Hello, we've notice recently that the moveChunk directory will rapidly start using all of it's available disk space. Looking through the logs, we saw errors of Sun Jan 5 09:43:14 [migrateThread] ERROR: migrate failed: E11000 duplicate key error index: blah.$ownerid_1_docname_1_osvcname_1 dup key: { : "11446719", : "app.json", : "blah" }. We recently upgraded to 2.2.6 from 2.2.4 though I am not sure if that is relevant.

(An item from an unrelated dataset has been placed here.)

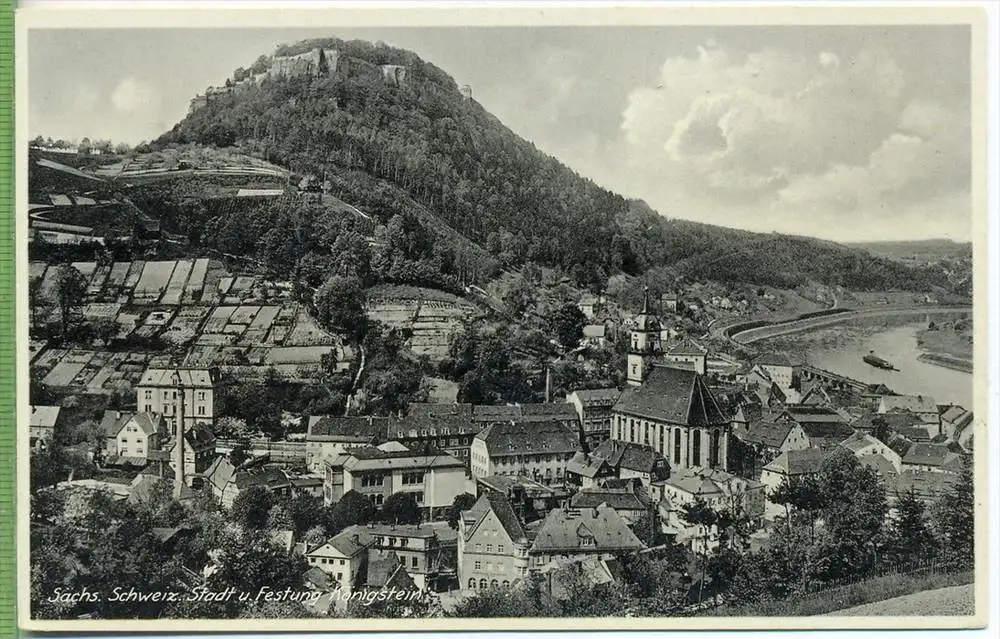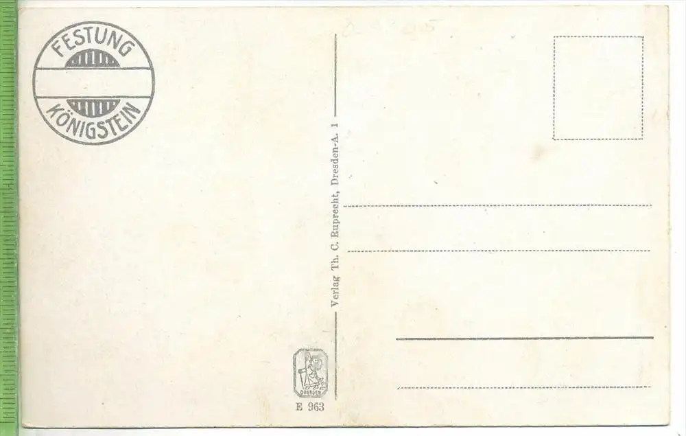 Stadt und Festung Königstein, um 1930/1940 Verlag: Th. C. Ruprecht, Dresden, Postkarte Verso, Stempel FESTUNG KÖNIGSTEIN
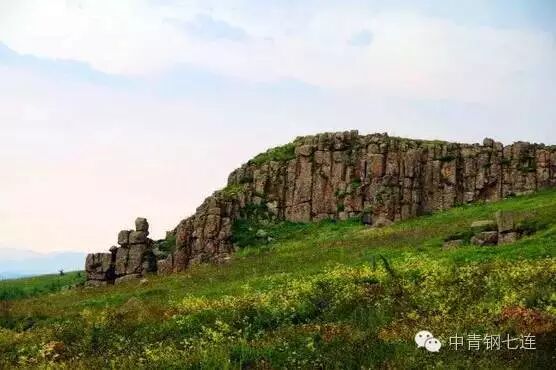 阎片山的岩石的形状很特别,是紧密排列又上下断裂了的巨大石柱群。很突兀地矗立在草原天路一侧平缓浑圆的丘陵中,是鬼斧神工般的石头奇景。旅者大多就此停车或者露营,欣赏鬼斧神工般的石头奇景。山不高,但也需要手脚并用,才可以爬上山的顶峰,远处看,像是远古巨人造就的几组相互守望的石头城堡。

When the disk fills, mongod crashes and fails over to the secondary. After clearing out the moveChunk dir, the partner (now primary node) will have the same behavior the next day. If we remove the offending duplicate key, the issue stops.



 Comments   
Comment by Ramon Fernandez Marina [ 10/Jun/14 ]

Hi al.gehrig@rockstarsandiego.com,

we haven't heard back from you for some time, so I'm going to mark this ticket as resolved. If you happen to run into this issue again feel free to re-open the ticket and provide additional information.

Regards,
Ramón.

Comment by Thomas Rueckstiess [ 01/May/14 ]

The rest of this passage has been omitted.